Why this is needed? Is it just an optimization because we know that folding of
casts will not do crazy stuff like SSA graph walking (that was original reason
for delaying the folidng) or just an optimization to reudce the size of the list?

Honza
>  	    id->statements_to_fold->add (stmt);
>  
>  	  /* We're duplicating a CALL_EXPR.  Find any corresponding
Richard Biener April 29, 2015, 1:42 p.m. UTC | #3
On Wed, Apr 29, 2015 at 3:23 PM, Jan Hubicka <hubicka@ucw.cz> wrote:
>> Historically the pragma Inline_Always of GNAT had been implemented in the FE
>> because the RTL inliner and then the Tree inliner weren't invoked at -O0 or
>> powerful enough to inline some constructs.  But this approach had drawbacks,
>> especially wrt debug info.  These restrictions were gradually lifted and now
>> the pragma is entirely piggybacked on the Tree inliner.
>>
>> This went mostly OK, except for a few cases where intrisinc operations that
>> used to be reasonably handled at -O0 now generate awful code, the typical
>> example being a modulus or division instrinsic by a power-of-2 generating a
>> fully-fledged modulus or division instruction instead of a simple shift.
>>
>> Therefore the attached patch implements anonymous constant propagation in the
>> inliner to fix the code quality regression.
>>
>> Tested on x86_64-suse-linux, OK for the mainline?
>>
>>    if (TREE_CODE (*tp) == SSA_NAME)
>>      {
>> -      *tp = remap_ssa_name (*tp, id);
>> +      tree t = remap_ssa_name (*tp, id);
>> +      /* Perform anonymous constant propagation, this makes it possible to
>> +         generate reasonable code even at -O0 for operators implemented as
>> +         inline functions.  */
>> +      if (TREE_CODE (t) == SSA_NAME
>> +       && SSA_NAME_DEF_STMT (t)
>> +       && (!SSA_NAME_VAR (t) || DECL_IGNORED_P (SSA_NAME_VAR (t)))
>> +       && gimple_assign_copy_p (SSA_NAME_DEF_STMT (t))
>> +       && is_gimple_min_invariant
>> +          (gimple_assign_rhs1 (SSA_NAME_DEF_STMT (t))))
>> +     *tp = gimple_assign_rhs1 (SSA_NAME_DEF_STMT (t));
>> +      else
>> +     *tp = t;
>
> This looks like a good idea to me (though i can't approve it).  We may want to
> lift the (!SSA_NAME_VAR (t) || DECL_IGNORED_P (SSA_NAME_VAR (t))) when optimize
> is set - the amount of garbage inliner produce is large and killing it early is
> better than killing it later.  This has chance to help early opts where
> ordering between ccp and einline is quite hard.
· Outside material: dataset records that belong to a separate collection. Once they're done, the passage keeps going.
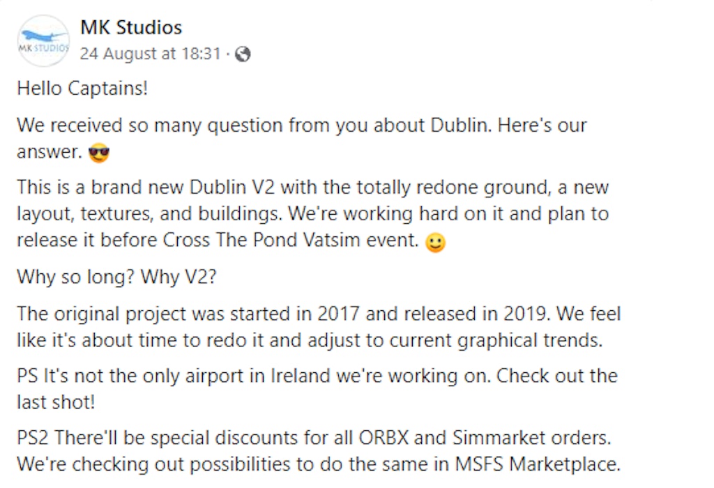 With the brand new runway 10L/28R recently opening at Ireland’s Dublin Airport, developer MK Studios has taken to Facebook to keep simmers in the loop with the new runway’s arrival into the sim.
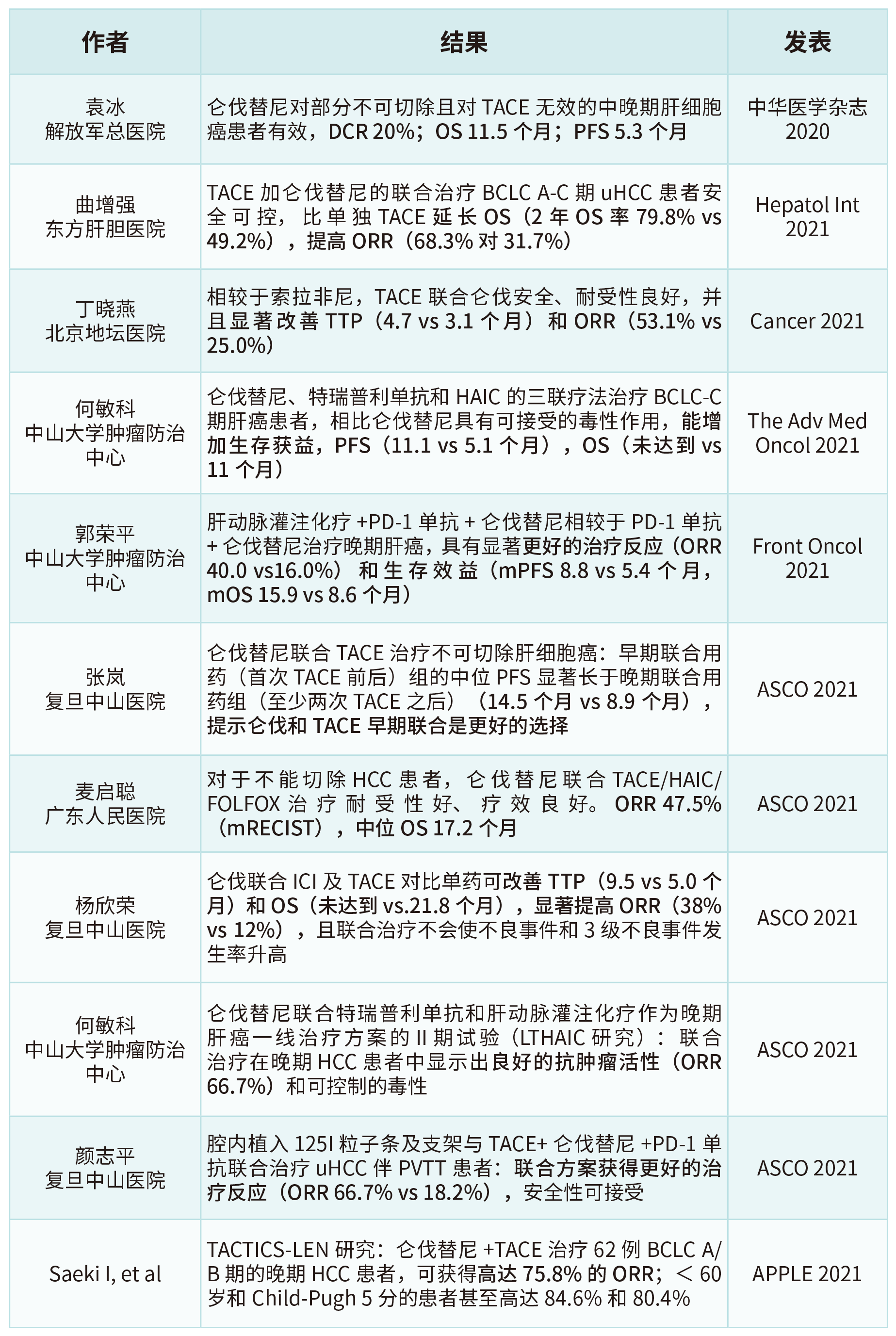 Δ已报道的仑伐替尼联合介入治疗的相关研究
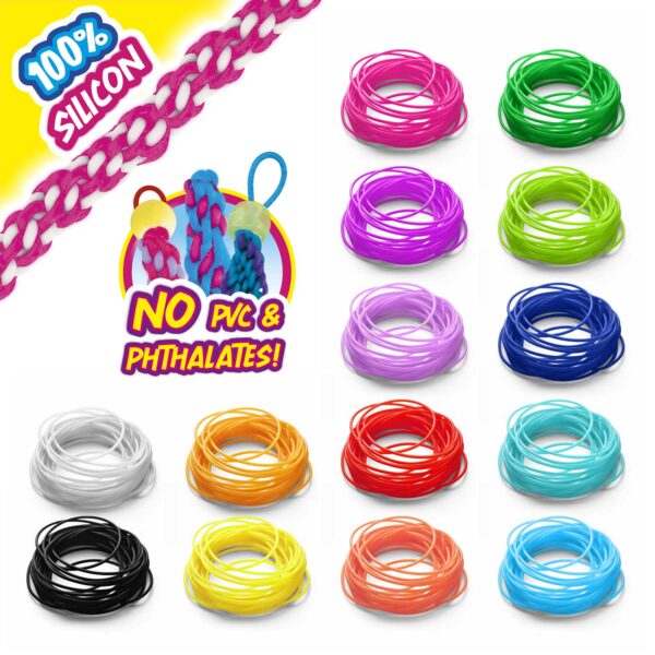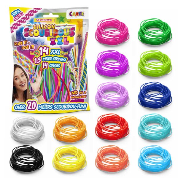 Unleash your creativity with the SILICONE SCOUBIDOUS – Bag XXL! This incredible pack includes 100% silicone Scoubidous in an XXL format, featuring 14 pieces of 150 cm each – that’s over 21 meters of Scoubidou fun! Inside, you’ll find 14 vibrant colors of Scoubidous, perfect for crafting trendy bracelets that stand out.
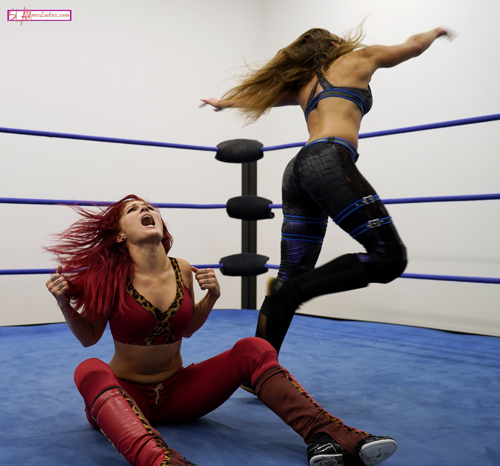 Tesha's neck receives no mercy as Ivelisse presses it against the ropes and stomps on it. Another wicked snapping motion has Tesha completely in a daze and lucky to still be fighting. A sharp DDT and Camel Clutch only add to Tesha's misery, setting her up for more neck-snapping action. Shockingly, there's life in Tesha yet and she fights back to give Ivelisse a taste of her own medicine. Ivelisse is run hard into the turnbuckle, stomped on and-you guessed it-subjected to some brutal neck attacks.
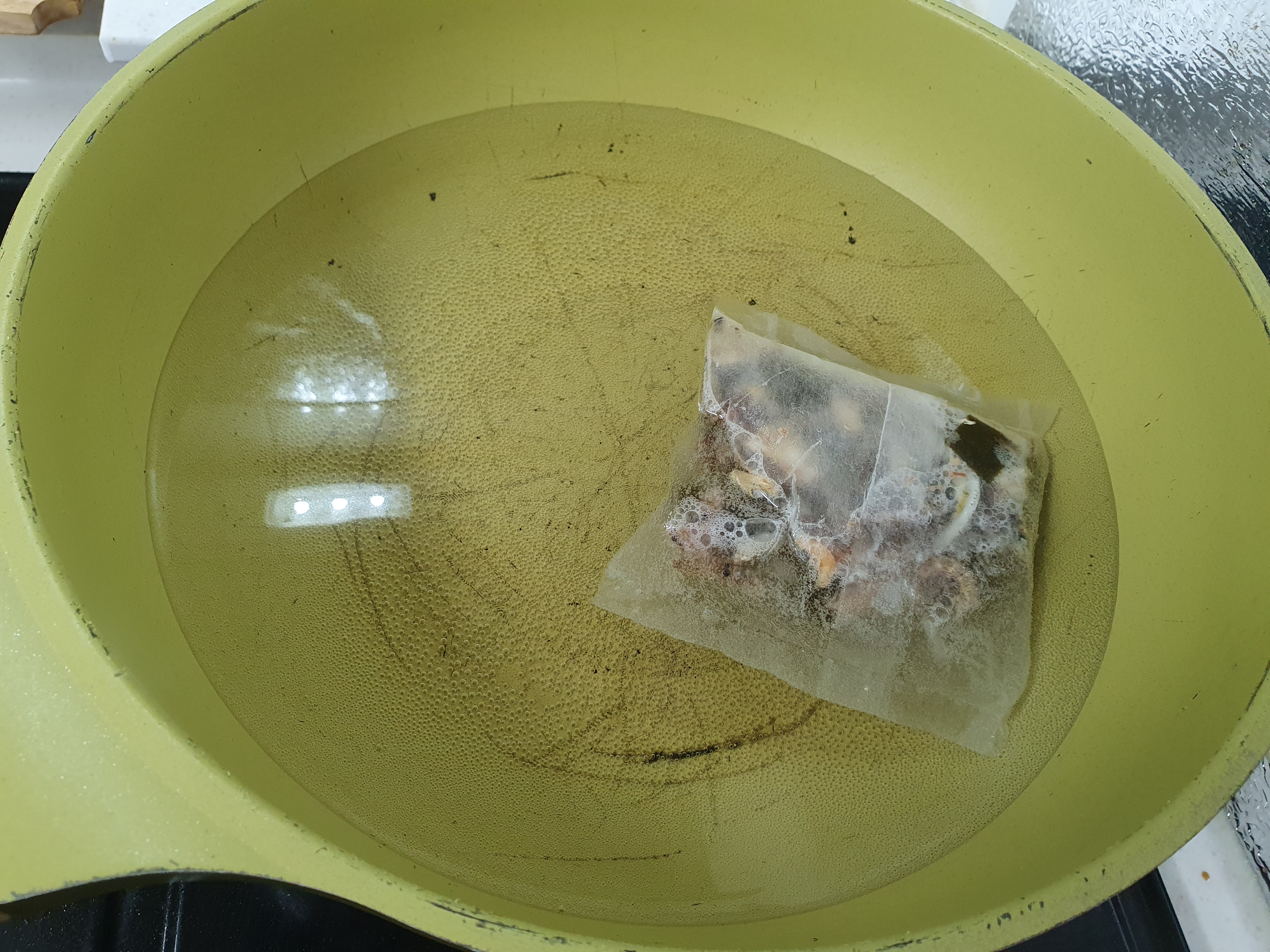 우선 육수티벹을 넣고 팔팔 끓여 줍니다.
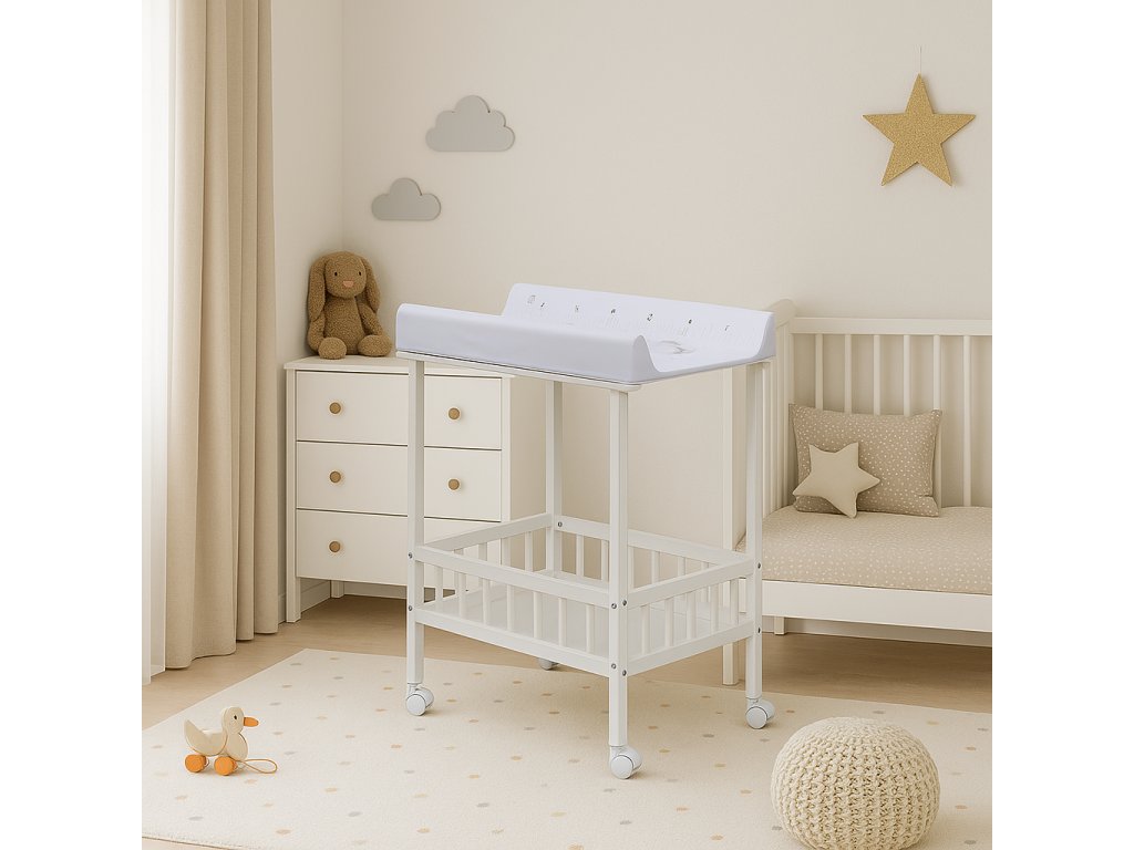 Practical changing table with two shelves made of HDF board. The top changing table is made of polyurethane covered with washable PVC, reinforced with MDF board. Its elegant and simple design fits into any interior. When changing diapers, you can have everything you need at your fingertips.
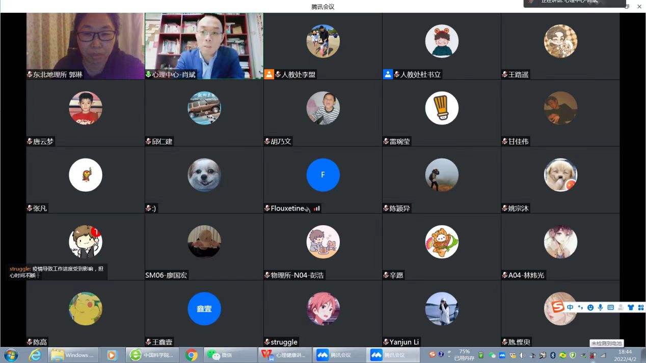 為幫助東北地理所師生在研究所靜態(tài)管理期間調(diào)適好心情,保持樂觀積極向上的健康心態(tài),增強心理保健能力,4月2日,東北地理所邀請中國科學院大學心理健康教育中心主任肖斌在線上舉辦了“穩(wěn)定自我,面對挑戰(zhàn)”的心理健康專題交流會。交流會以回答問題交流的形式進行,由人事教育處處長郭琳主持,研究生、導師共計200余人參會。
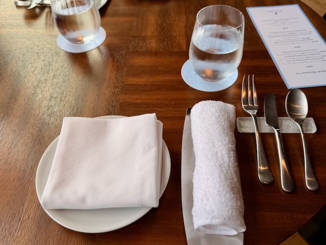 2名席にはサイドテーブル的なのが付いてるところが、高級ホテルらしい気がしました。
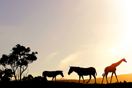 Silhouettes of animals at sunset on horizon

Early opts run CCP as pretty much the first pass, so I don't see what
you are refering to here.

>>        *walk_subtrees = 0;
>>        return NULL;
>>      }
>> @@ -1965,7 +1977,7 @@ copy_bb (copy_body_data *id, basic_block
>>
>>         /* Statements produced by inlining can be unfolded, especially
>>            when we constant propagated some operands.  We can't fold
>> -          them right now for two reasons:
>> +          them right now in the general case for two reasons:
>>            1) folding require SSA_NAME_DEF_STMTs to be correct
>>            2) we can't change function calls to builtins.
>>            So we just mark statement for later folding.  We mark
>> @@ -1974,7 +1986,10 @@ copy_bb (copy_body_data *id, basic_block
>>            foldable indirectly are updated.  If this turns out to be
>>            expensive, copy_body can be told to watch for nontrivial
>>            changes.  */
>> -       if (id->statements_to_fold)
>> +       if (gimple_assign_cast_p (stmt)
>> +           && is_gimple_min_invariant (gimple_assign_rhs1 (stmt)))
>> +         fold_stmt (&copy_gsi);
>> +       else if (id->statements_to_fold)
>
> Why this is needed? Is it just an optimization because we know that folding of
> casts will not do crazy stuff like SSA graph walking (that was original reason
> for delaying the folidng) or just an optimization to reudce the size of the list?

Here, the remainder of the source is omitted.